Скачков шагал, ощущая бодрость во всем теле. Шаг был упругим, прямой посадка головы. Ловко и удобно сидел на нем отглаженный костюм. Клавдия всегда следила за тем, как он одевается. В компаниях, где неряшливость была как бы законом, он неизменно выделялся аккуратностью и чистоплотностью. В этом Клавдия его не осуждала, делала уступку. Теперь ему казалось, что его фигура, выправка его дисциплинированного тела лишний раз подчеркивала, что он постоянно оставался самим собой и в этом было его преимущество, – он устоял на своем месте, а в решительную минуту чем-то помог и Клавдии, не оставил ее в одиночестве. Во всяком случае ее окончательный выбор говорил как раз об этом.
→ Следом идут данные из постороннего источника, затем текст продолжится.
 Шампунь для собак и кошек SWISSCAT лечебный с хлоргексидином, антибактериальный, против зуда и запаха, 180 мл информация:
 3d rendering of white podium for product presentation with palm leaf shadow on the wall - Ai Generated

Поняла ли она, что жила не так, стремилась не к тому? Скачков не сомневался, что так оно и было. Сам же он, разумеется, отдавал себе отчет, что после того месяца, в Батуми, у них по существу не выдалось ни одного свободного дня, вернее, не находилось у него, чтобы отдать и посвятить его семье по-настоящему (как этого хотелось Анне Степановне). Он считал, что с тех семейных дней у моря у них с Клавдией все идет и развивается нормально, на самом же деле все эти годы они теряли то, что накопили, успели накопить за какой-то один месяц и расходились все дальше, дальше. Он терял ее, она – его. И кто знает, если бы не скандал, когда он вдруг решился проявить характер, оба они могли оказаться на совершенно пустом месте, отдаленные друг от друга настолько, что пути назад не было бы.
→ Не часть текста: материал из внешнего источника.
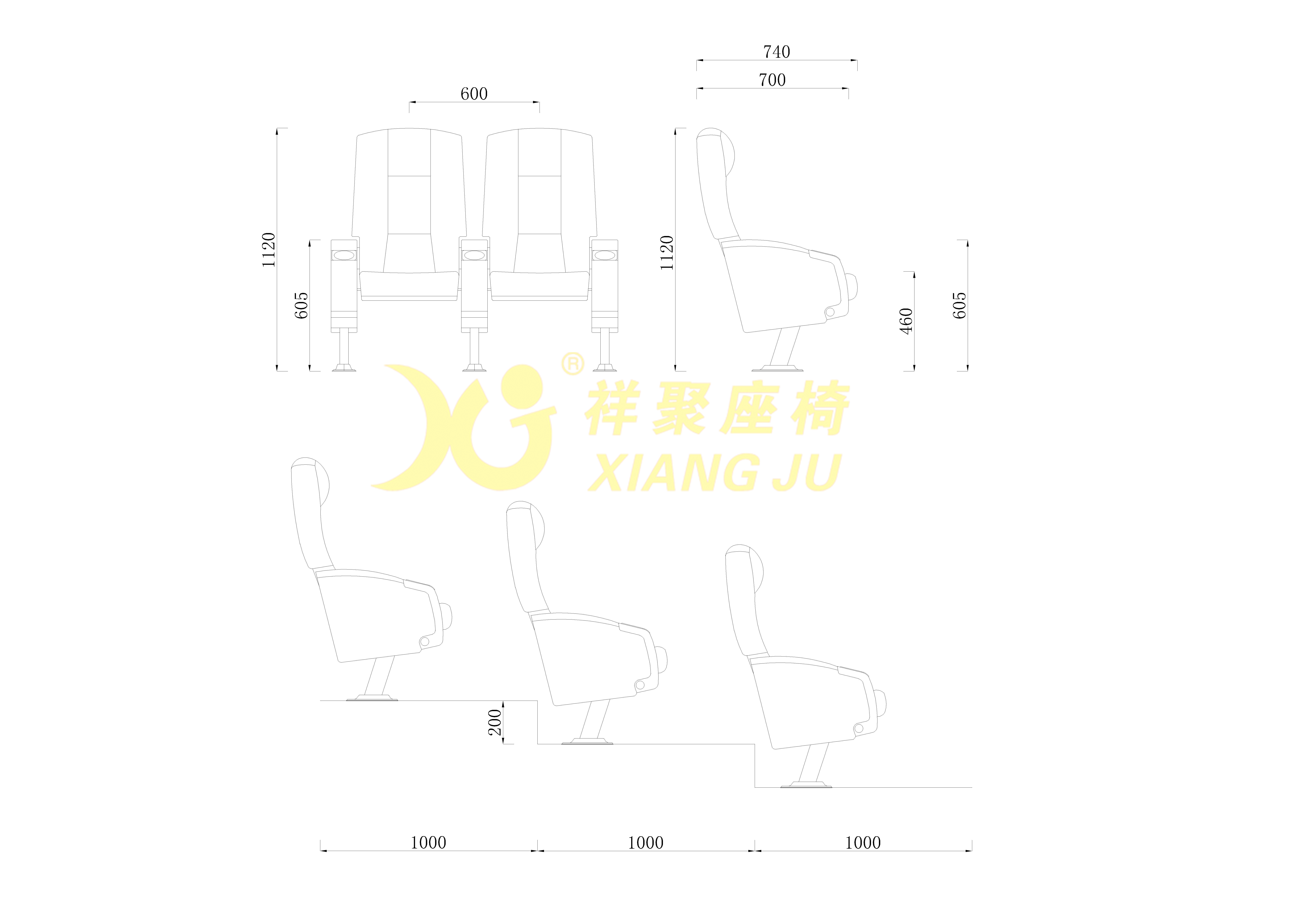 5、扶手:采用優(yōu)質(zhì)ABS復(fù)合材料經(jīng)模具壓鑄成型,活動扶手自帶水杯托。
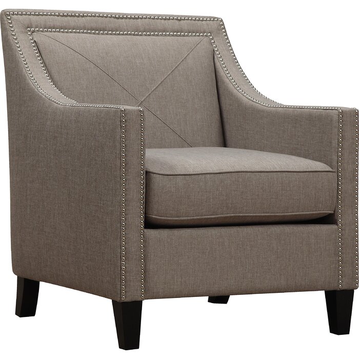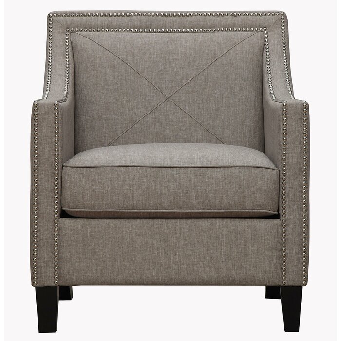 Agregue un toque de estilo a la sala de estar o la suite principal con este elegante sillón, que exhibe adornos plateados con cabeza de clavo y tapicería neutra. Combínalo con un sofá blanco, una mesa de centro de vidrio y una estantería de pared de líneas limpias para darle un toque de estilo contemporáneo.
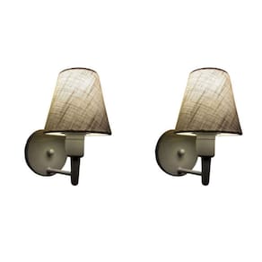 Kit-2 Arandela Cone Md-2012 Branco C- Inter Liga E Desl Cúpula Em Tecido Rustico Bege - Bivolt

А сейчас? Начинать все снова?
Тогда, в Батуми, он часто просыпался по ночам и, приподнявшись на локте, подолгу смотрел на спящую жену (да, жену, потому что они обо всем договорились сразу же, едва он ее встретил). Все-таки она совершила героический поступок, решившись прилететь! Как ни рассуждай, а наплевать на тетку, перечеркнуть все сразу… Значит, чтобы быть с ним, ей пришлось что-то преодолеть, сломать и сделать выбор. Почему же они вдруг оказались порознь?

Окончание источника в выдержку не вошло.